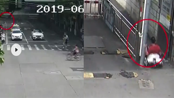 澎湃新闻记者从监控视频中发现,该男子驾驶着迷你的玩具卡丁车在马路上上演连续变道、逆向行驶,行至小区入口卡住,反复倒车后一溜烟驶入小区消失了。
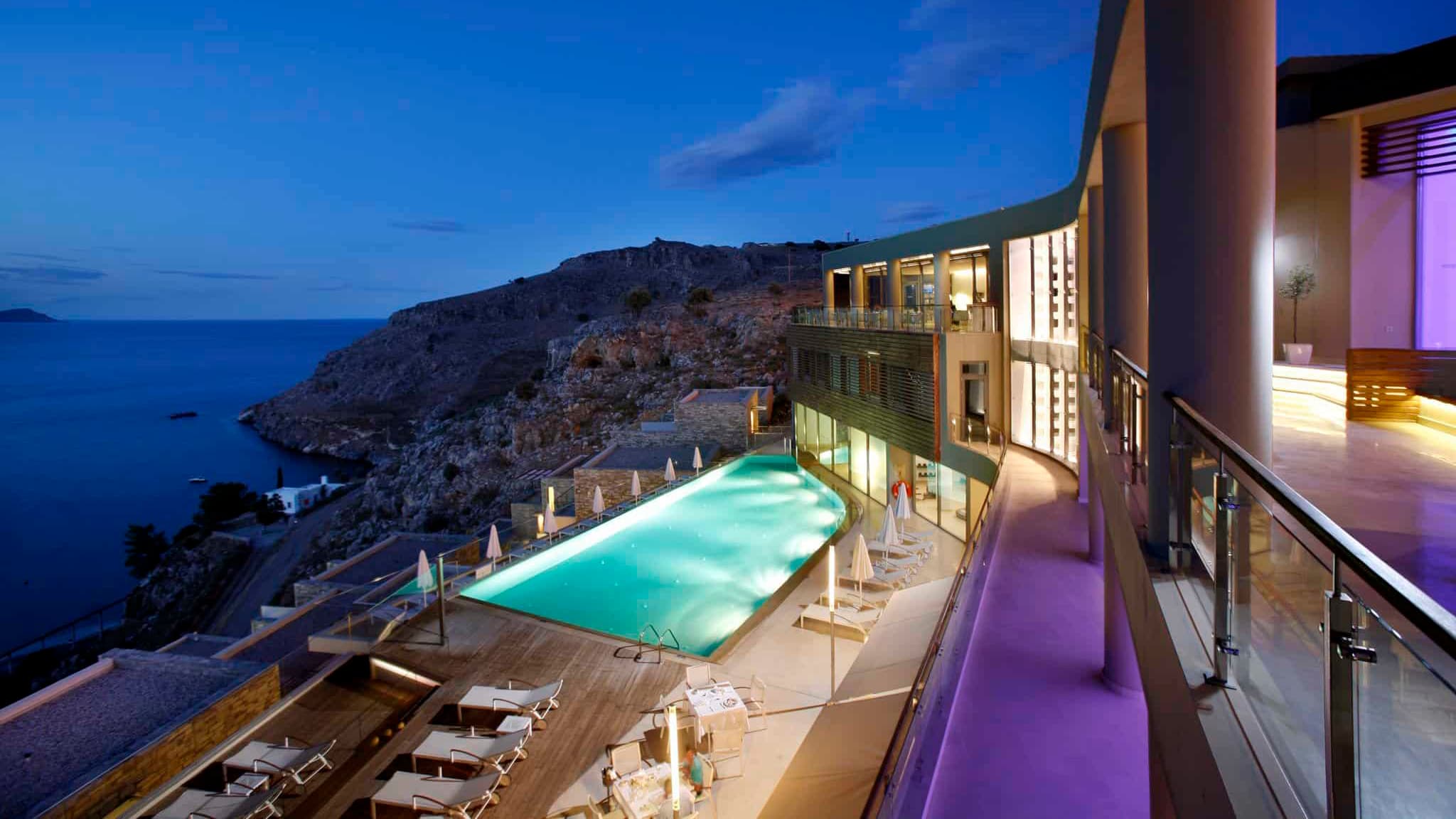 Lindos Blu Luxury Hotel & Suites выполнен в современном стиле. В отеле – 70 номеров и вилл. Из окон открываются чарующие виды Эгейского моря. Некоторые номера и виллы оборудованы персональными бассейнами или бассейнами, общими для двух номеров. Тренажерный зал, теннисный корт, водные виды спорта, WI-FI доступ в Интернет, услуги консьержа. Закрытый подогреваемый бассейн, сауна, парная, массаж, стоунтерапия, процедуры для лица и тела.
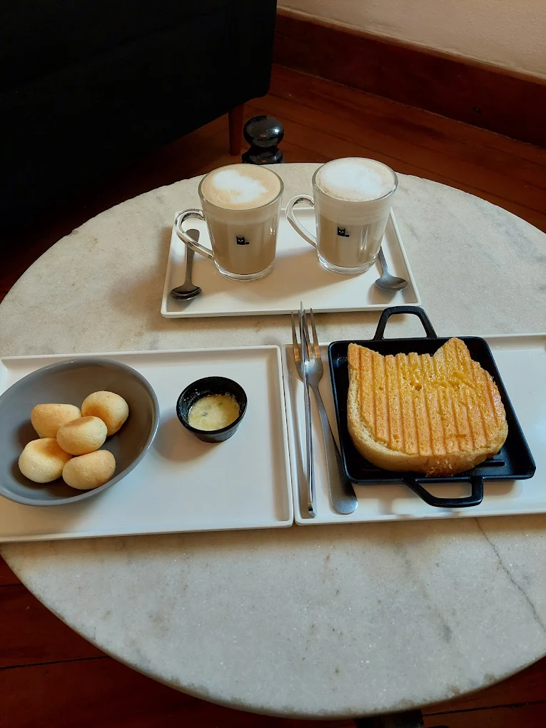 No cardápio, os visitantes encontram desde o clássico pingado, a tradicional combinação de café com leite, até expressos, cappuccinos, chás, chocolates quentes e bebidas sazonais criativas. Para acompanhar, há opções de bolos, cookies, e o famoso tostex em formato de gato, além de brunches nos fins de semana.
·····
**THE TASK:**
Copy the material above word for word, images excluded.

**TASK RESPONSE:**
 澎湃新闻记者从监控视频中发现,该男子驾驶着迷你的玩具卡丁车在马路上上演连续变道、逆向行驶,行至小区入口卡住,反复倒车后一溜烟驶入小区消失了。
 Lindos Blu Luxury Hotel & Suites выполнен в современном стиле. В отеле – 70 номеров и вилл. Из окон открываются чарующие виды Эгейского моря. Некоторые номера и виллы оборудованы персональными бассейнами или бассейнами, общими для двух номеров. Тренажерный зал, теннисный корт, водные виды спорта, WI-FI доступ в Интернет, услуги консьержа. Закрытый подогреваемый бассейн, сауна, парная, массаж, стоунтерапия, процедуры для лица и тела.
 No cardápio, os visitantes encontram desde o clássico pingado, a tradicional combinação de café com leite, até expressos, cappuccinos, chás, chocolates quentes e bebidas sazonais criativas. Para acompanhar, há opções de bolos, cookies, e o famoso tostex em formato de gato, além de brunches nos fins de semana.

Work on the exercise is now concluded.